HealthDay News — When schools open their doors this fall, teachers and students who are vaccinated can enter without masks, according to new guidance issued Friday by the U.S. Centers for Disease Control and Prevention.
The relaxed recommendation comes as a national vaccination campaign in which children as young as 12 years can get COVID-19 shots unfolds, accompanied by a general decline in COVID-19 hospitalizations and deaths.
The CDC is not advising schools to require shots for teachers and vaccine-eligible children. Also, the agency is not offering guidance on how teachers can know which students are vaccinated or how parents will know which teachers are immunized, the Associated Press reported. Schools should continue to space children — and their desks — 3 feet apart in classrooms, the new CDC guidance says. But the agency stressed that spacing should not be an obstacle to getting children back in schools. And it said distancing is not required among fully vaccinated students or staff.

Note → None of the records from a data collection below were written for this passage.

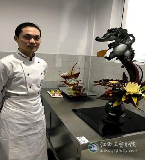 糖艺西点制作项目比赛包含了工艺造型和西点制作两个部分,此次糖艺西点制作项目比赛共分四个模块:整形蛋糕(含拉糖支架)、杏仁膏塑形、巧克力糖果、巧克力造型。经过4天紧张激烈的角逐,我校刘兆凯同学以精湛的技艺和过硬的本领,赢得了专家评委的青睐,顺利从11位国家队选手中突围,以第4名的成绩成功跻身全国五强。
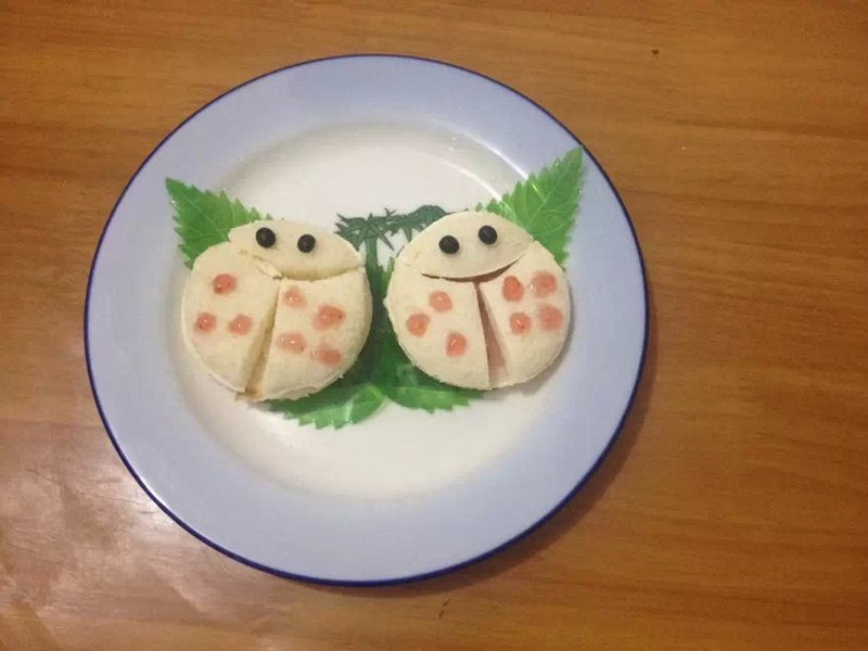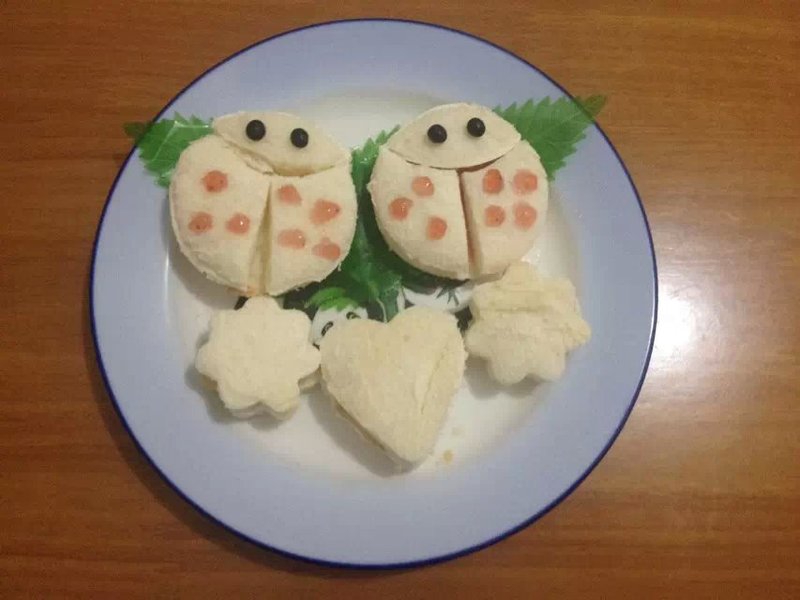 今天早上草草地给她整了一个瓢虫三明治当早餐,完事。 晚上有空闲了,母女俩又开始折腾了。 话说这瓢虫三明治,还是在微信里看到某妈学做的,她还把原创的做法也上传了,我一看到这款三明治,好萌好可爱,小朋友一定喜欢,而且做法简单,赶紧收藏起来,备用。 ![]() 我是属于有学习热情,没坚持动力的人,所以一般只限于“尝鲜”,不过这做法确实好简单,有空可以经常做呢!当妈妈的想让孩子自觉吃饭,爱上吃饭,但往往事与愿违,孩子对吃饭就是很抗拒。孩子不爱吃饭,不肯乖乖吃饭最头疼了。 或许,偶尔我们也要花点小心思,给宝贝一个惊喜,相信这款三明治孩子们会喜欢的,至少我家小妞第一次看见,就说好漂亮啊!抓住了她们的眼球,自然就会喜欢上了。 ![]() 萌不萌? 材料:白吐司、草莓酱(有蓝莓酱可以做成不同口味的)、黑豆(当瓢虫的眼睛) 做法: 1、取一片吐司,用圆形模具压出形状。PS:我没有圆形模具,用的一个塑料杯子杯沿压出来的 ![]() 2、同样的方式,压出两片圆形吐司 ![]() 3、取其中一片,用模具或杯沿划出约三分之一的吐司片,其余的一分为二 ![]() 4、用黑豆装饰为眼睛(或者蓝莓果酱点一下也可以,我家只有草莓果酱),我用牙签挑了7个点,这样才更像七星瓢虫的是不? 下面的心形,花形三明治是用饼干模具压出来的,把那些边角材料也用上了。发现我买饼干模具一次也没做饼干,全派上其他用场了。 ![]() 向原创者致敬!这是一位怎么样有爱的麻麻才能有这么好的创意啊!学习了! 本作品未经作者许可不得转载,转载请征求作者意见。擅自转载使用,将保留追究其法律责任的权利! 个性签名
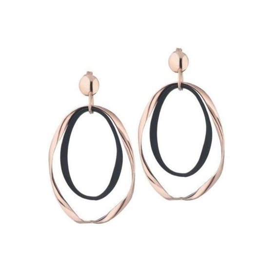 Orecchini Marcello Pane composti da piccola toppa ovale con perno e farfalla in argento 925 placcato oro rosa ed elementi ovali in bronzo rielaborati con un particolare rivestimento basato su un processo elettrolitico che conferisce una sensazione tattile simile alla Gomma di colore nero da cui il nome della collezione Rubber Black. Lunghezza orecchini: 4,5cm.
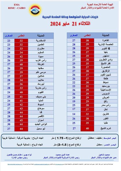ونرصد درجات الحرارة الصغرى والعظمى المتوقعة بعدد من المدن والمحافظات اليوم..
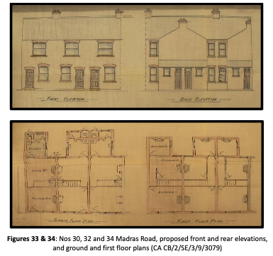 Nos 30, 32 & 34: in January 1901 Sarah Elizabeth Bull, of 29 Eden Street, Cambridge, applied for approval to erect three cottages. She also no agent.
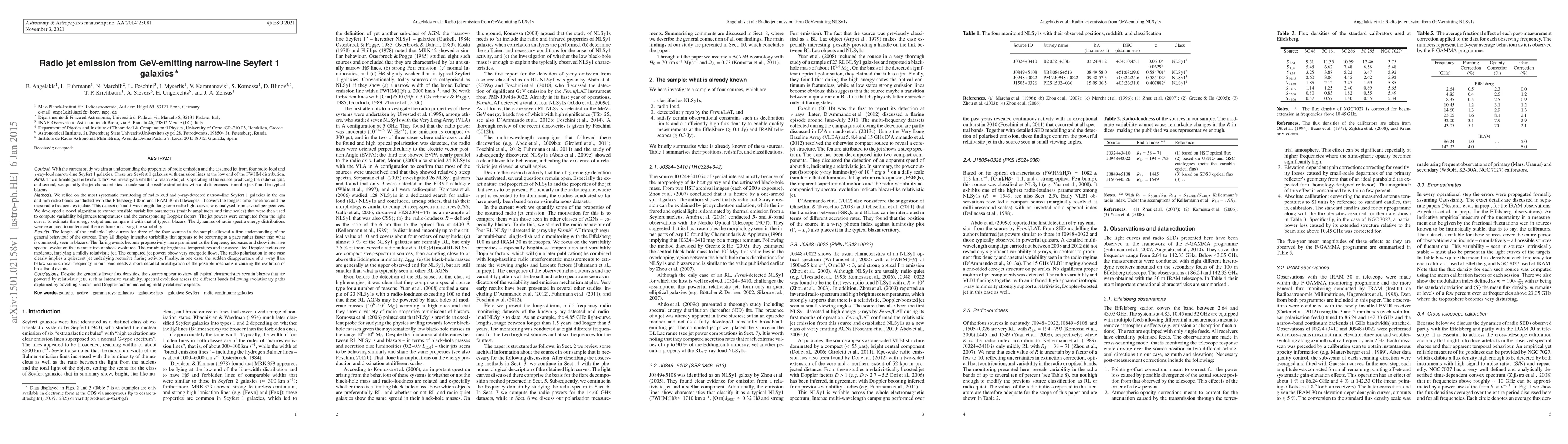 We studied the radio emission from four radio-loud and gamma-ray-loud narrow-line Seyfert 1 galaxies. The goal was to investigate whether a relativistic jet is operating at the source, and quantify its characteristics. We relied on the most systematic monitoring of such system in the cm and mm radio bands which is conducted with the Effelsberg 100 m and IRAM 30 m telescopes and covers the longest time-baselines and the most radio frequencies to date. We extract variability parameters and compute variability brightness temperatures and Doppler factors. The jet powers were computed from the light curves to estimate the energy output. The dynamics of radio spectral energy distributions were examined to understand the mechanism causing the variability. All the sources display intensive variability that occurs at a pace faster than what is commonly seen in blazars. The flaring events show intensive spectral evolution indicative of shock evolution. The brightness temperatures and Doppler factors are moderate, implying a mildly relativistic jet. The computed jet powers show very energetic flows. The radio polarisation in one case clearly implies a quiescent jet underlying the recursive flaring activity. Despite the generally lower flux densities, the sources appear to show all typical characteristics seen in blazars that are powered by relativistic jets.
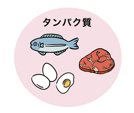 タンパク質が多く含まれている食材として、肉や魚、卵、牛乳・乳製品、豆類など、主菜(おかず)に使うことの多い食材が挙げられます。「良質なタンパク質」を摂取するとよいといわれることがありますが、「良質」か否かについては含まれているアミノ酸によって決まります。

All of this may prove tricky to execute, which is why the CDC is advising schools to make decisions that make the most sense, Erin Sauber-Schatz, Ph.D., M.P.H., who leads the CDC task force that prepares such recommendations, told the AP. The biggest issues will be at middle schools where some students are eligible for shots and others are not. If sorting vaccinated and unvaccinated students proves too burdensome, administrators might choose to just keep a masking policy in place for everyone.
Widespread mask-wearing is expected to continue this fall in some of the nation’s largest school districts: In Detroit, everyone will be required to wear a mask unless everyone in the classroom has been vaccinated, the AP reported. But masks will not be mandated in Houston schools. Philadelphia was planning to require masks, but on Friday, a spokesperson said the school district is now reviewing its policy based on the CDC guidance, the AP said.